Neutrons streaming from a nuclear reactor, for instance (e.g. https://www.ill.eu/about-the-ill) emerge with a range of speeds – i.e. energies, or wavelengths – so we can use a suitable crystal as a monochromator via Bragg’s Equation: hey presto we have a monochromatic beam of neutrons heading towards our sample. Of course, we first have to define a ‘beam’, but this can be done using standard shielding material to make a collimator. Post-sample detection as a function of angle is also relatively straightforward since neutrons, though uncharged, will interact with matter; a common form of detector uses scintillation: the neutron is absorbed by an atom’s nucleus – for example, Li, doped into a glass, is highly efficient at absorbing neutrons and when it does so a gamma ray is released which may then be detected relatively straightforwardly.
One can separate the neutrons generated by an accelerator source into their energies, or wavelengths, simply by timing their flight between two fixed points (using small detectors that sample the passing beam). The detectors will not now sort what emerges from the sample as a function of angle but rather on the basis of their time of flight (e.g. where I worked for a few years in the early ‘80s https://www.isis.stfc.ac.uk/Pages/About.aspx - I’ve posted on this a few years ago on my blog: https://bobreflected.blogspot.com/2016/03/large-scale-facilities-for-small-scale.html ).
How long does it take to grow a ‘Venus Flower Basket’ skeleton?
Because euplectella aspergillum is found at such great depths the information about its active life is limited. This is an animal that protrudes from the rocky ocean bottoms, also making it a benthic (bottom dweller) animal. Details of reproduction of E. aspergillum are not known, therefore we can only assume it’s similar to the normal forms of reproduction in related sponges.
How much stronger is glass in compression than in tension?

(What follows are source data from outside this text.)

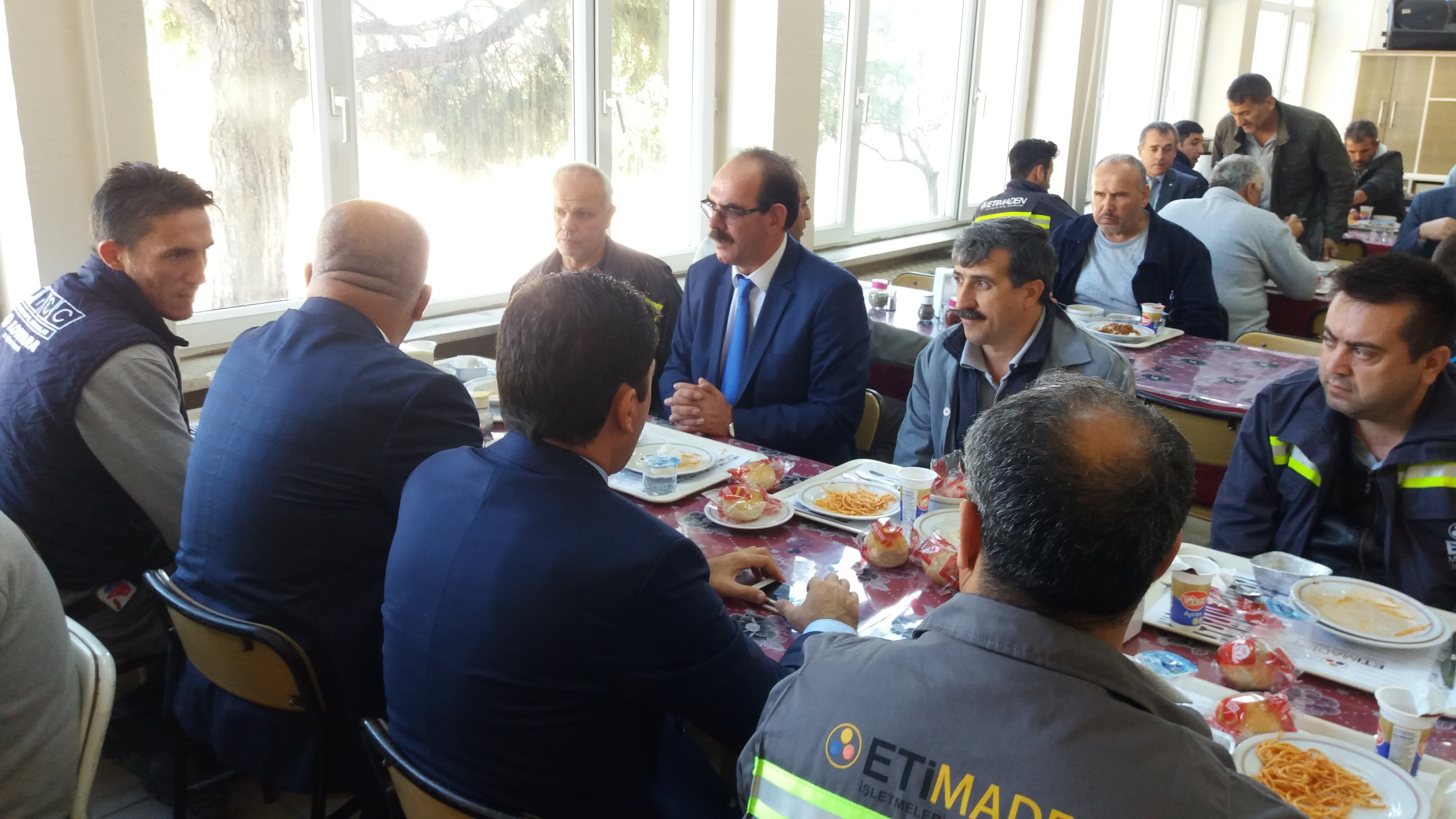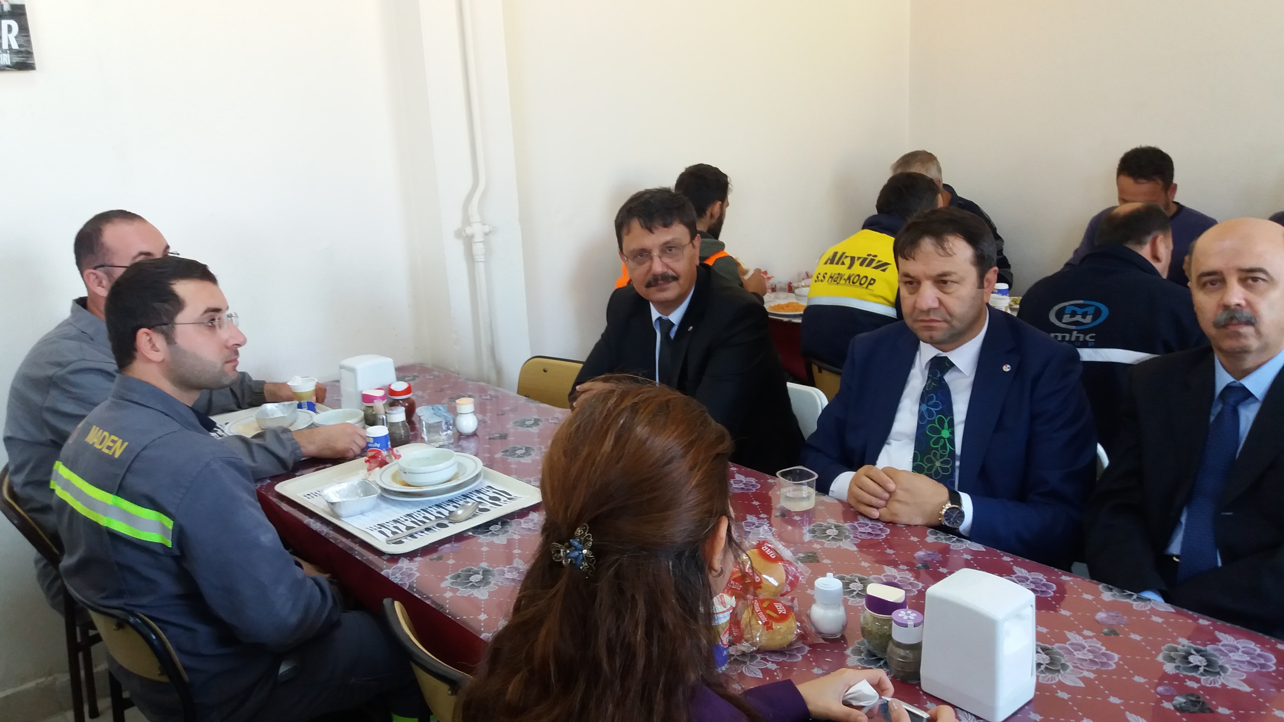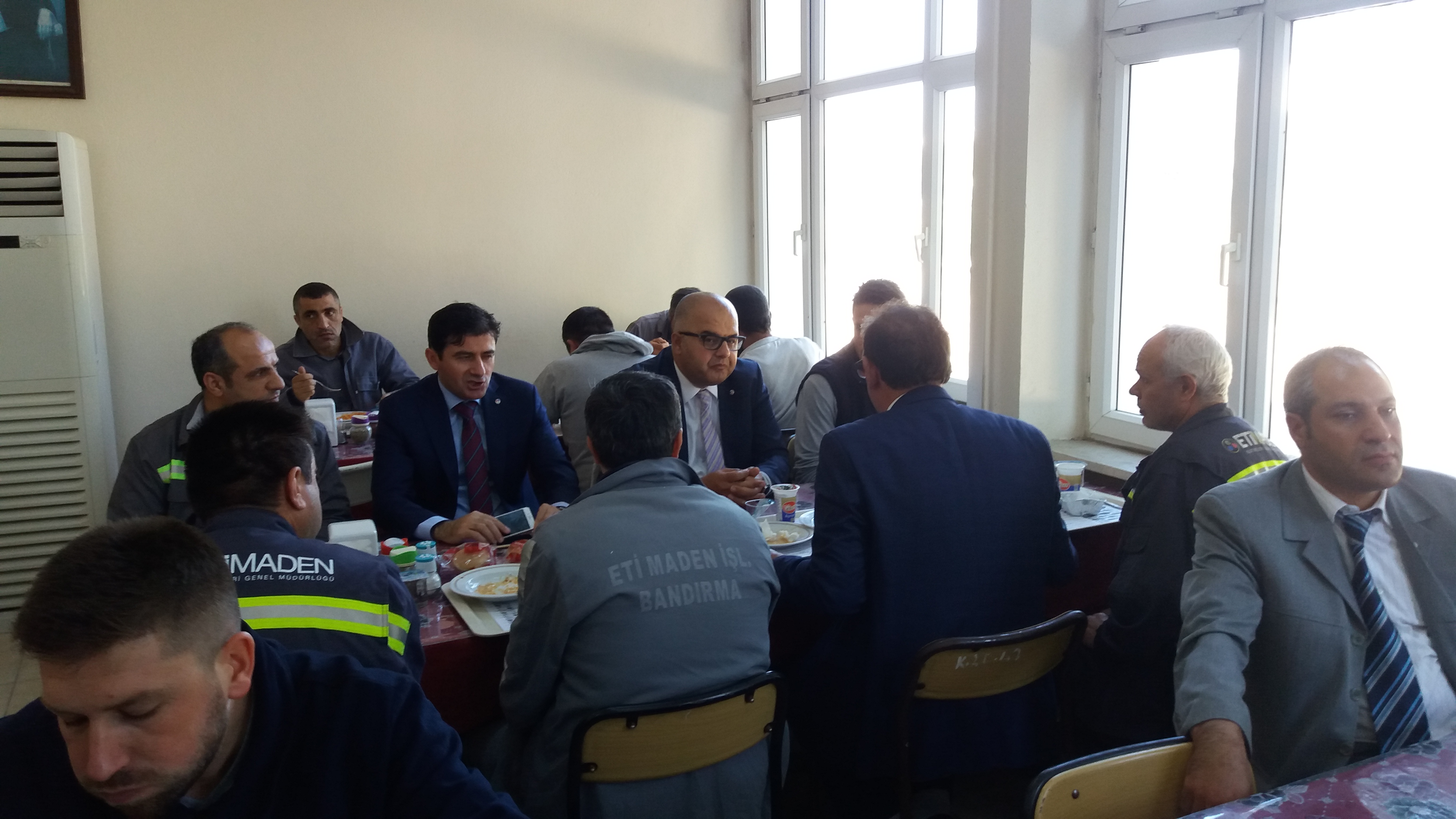 Eti Maden İşletmeleri Genel Müdürü Serkan Keleşer, Genel Müdür Yardımcısı Özgür Saç, Lojistik Daire Başkanı Ömer Çatal, Üretim ve Koordinasyon Daire Başkanı Ömer Çatal, İşletme Müdürü Münür Yahşi ve Bandırma Şube Başkanımız İsmail Kayan, Bandırma Yönetim Kurulu üyelerimiz ve temsilcilerimizle, Bandırma Eti Maden İşletmeleri işyerlerimizi ziyaret edip, üyelerimiz ile birlikte öğlen yemeği yediler. Bandırma Şube Yönetim Kurulumuz ziyaretlerinden dolayı kendilerine teşekkürlerini ilettiler.
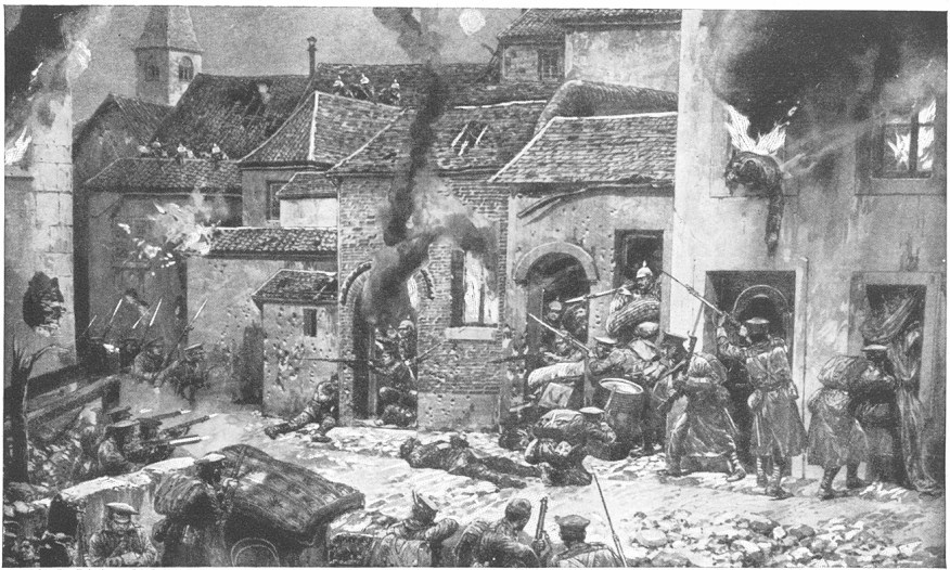 A hot and oppressive day disclosed woods rent and scarred, standing wheat fields shell-plowed and trampled, and farm houses set ablaze. The bringing of the Belgian wounded into Liege apprised the citizens that their side had also suffered considerably. Meanwhile, the Germans were reenforced by the Tenth Hanoverian Army Corps, from command of which General von Emmich had been detached to lead Von Kluck's vanguard, also artillery with 8.4-inch howitzers.
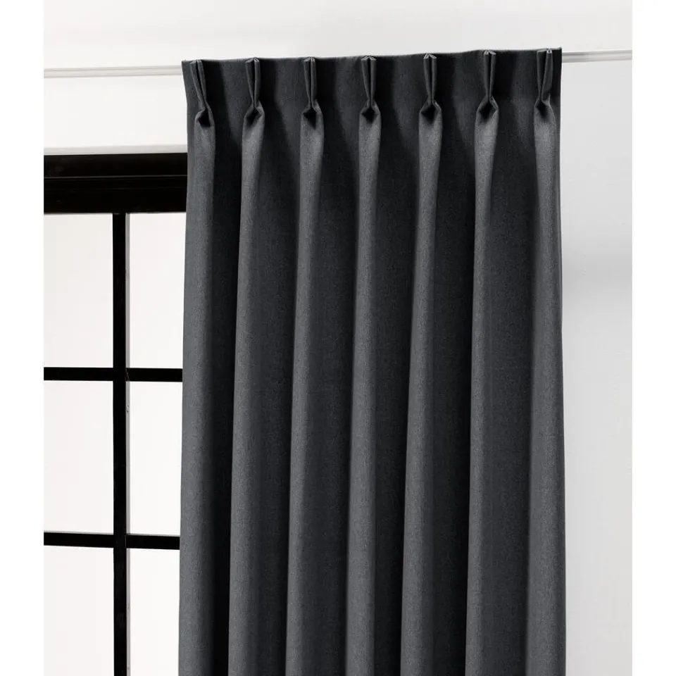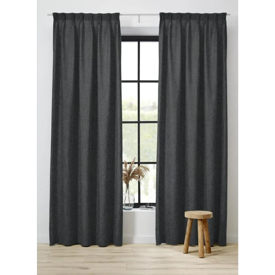 Gordijnstof antracietkleurig van gemêleerde stof. Soepelvallend, stevig en kreukherstellend. 146 cm breed.
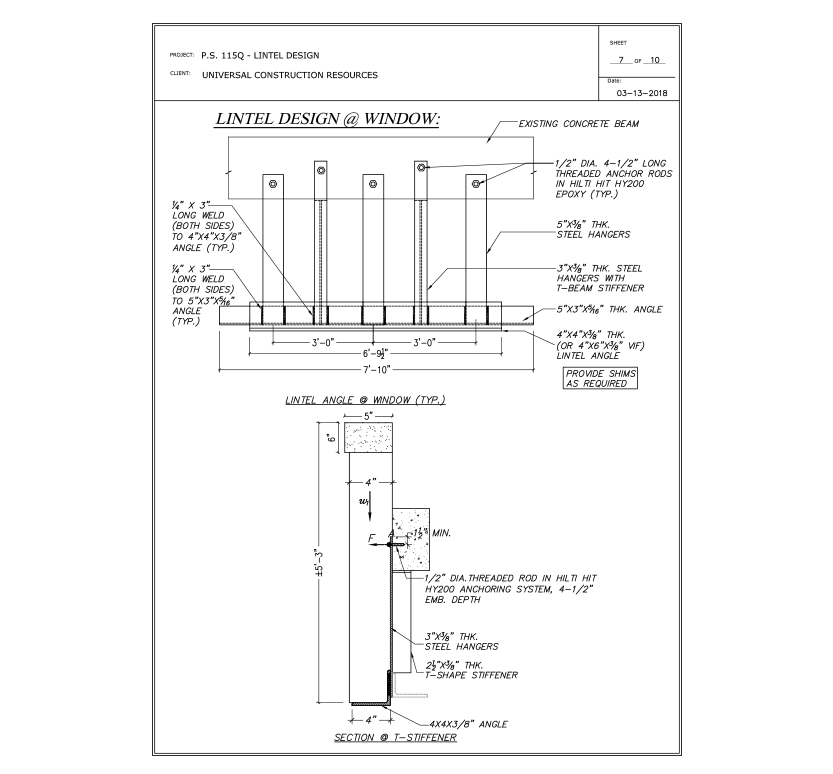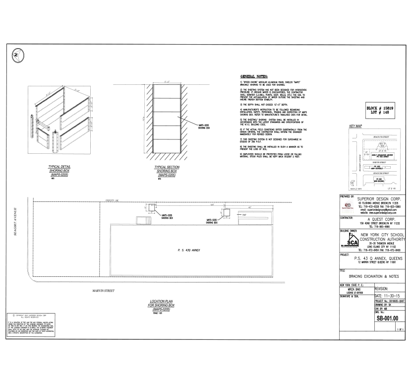 All major Structural Design work for Structural elements like beams, columns, footings, etc. are performed by the SCA’s Design Engineers, but still they require the Design of some structural elements like connection for beams & columns, shallow & deep excavation shoring, and sheeting which needs to be designed, signed and sealed by a NYC’s Professional Engineer.

The compressive strength of glass is extremely high: 1000 N/mm2 = 1000 MPa (for comparison, atmospheric pressure is 101 KPa – i.e. about 10,000 times smaller). This means that to shatter a 1 cm cube of glass, it requires a load of some 10 tonnes. Its resistance to tensile stress is significantly lower: 40 MPa (N/mm2) for annealed glass and 120 to 200 MPa for toughened glass (depending on thickness, edgework, holes, notches etc). (by the way, glass is a perfectly elastic material: it does not exhibit permanent deformation, until breakage. However it is fragile, and will break without warning if subjected to excessive stress.)